Journal of Shin Buddhism

Harold Stewart

Surrendering the Will

There is an immediate unprompted success in unselfconscious concentration as soon as the initiative passes from my individual will and is left entirely to the Will of Amida. For only during that moment when the Buddha repeats his Name in the devotee is there no space for a self, no time for an 'I'. At once the Name wholly fills awareness, so that I am spontaneously freed from my ego. All distractions are eliminated and all other mental activities excluded from conscious attention, which becomes as one-pointed as the glowing end of the incense-stick in a temple.
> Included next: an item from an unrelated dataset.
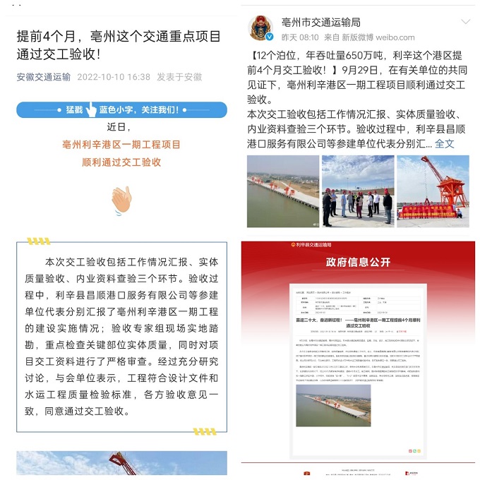近日,安徽省交通運(yùn)輸廳、亳州市交通運(yùn)輸局、利辛縣交通運(yùn)輸局相繼報(bào)道了安徽交航公司亳州利辛港區(qū)一期工程項(xiàng)目提前4個(gè)月交工驗(yàn)收的喜訊。

The voiced Nembutsu is one with the ineffable Name. Thus the igniting of the incense-stick coincides with the Awakening of Faith by Amida in the Heart of his devotee.

Thereafter all clinging to life's fugitive pleasures, all worldly ambitions for fame, power, wealth, and rank, disperse and fade away like incense-smoke into the air. No longer is the ego required to obey irksome moral restrictions of its desires or to make painful renunciation of its sensual appetites, for these have dissolved and vanished by inanition. Our subsequent callings of the Name after Amida's First Call are moved by deep gratitude for his favour in endowing us with Faith and the promise of Rebirth into the Highest Felicity, of which we enjoy a foretaste even in this life and the full satisfaction in the next.

From the Shinshu viewpoint, any attempt by self-will to fix concentration by calling the Nembutsu is not only mistaken but a foregone failure, of no avail because it is misusing the Name as a means to one's own ends instead of Amida's. This is why Honen, and Shinran after him, maintained that the Nembutsu should be called without worrying about whether one was repeating it mindfully or mindlessly, concern with which would obviously reintroduce the ego-illusion and its futile efforts.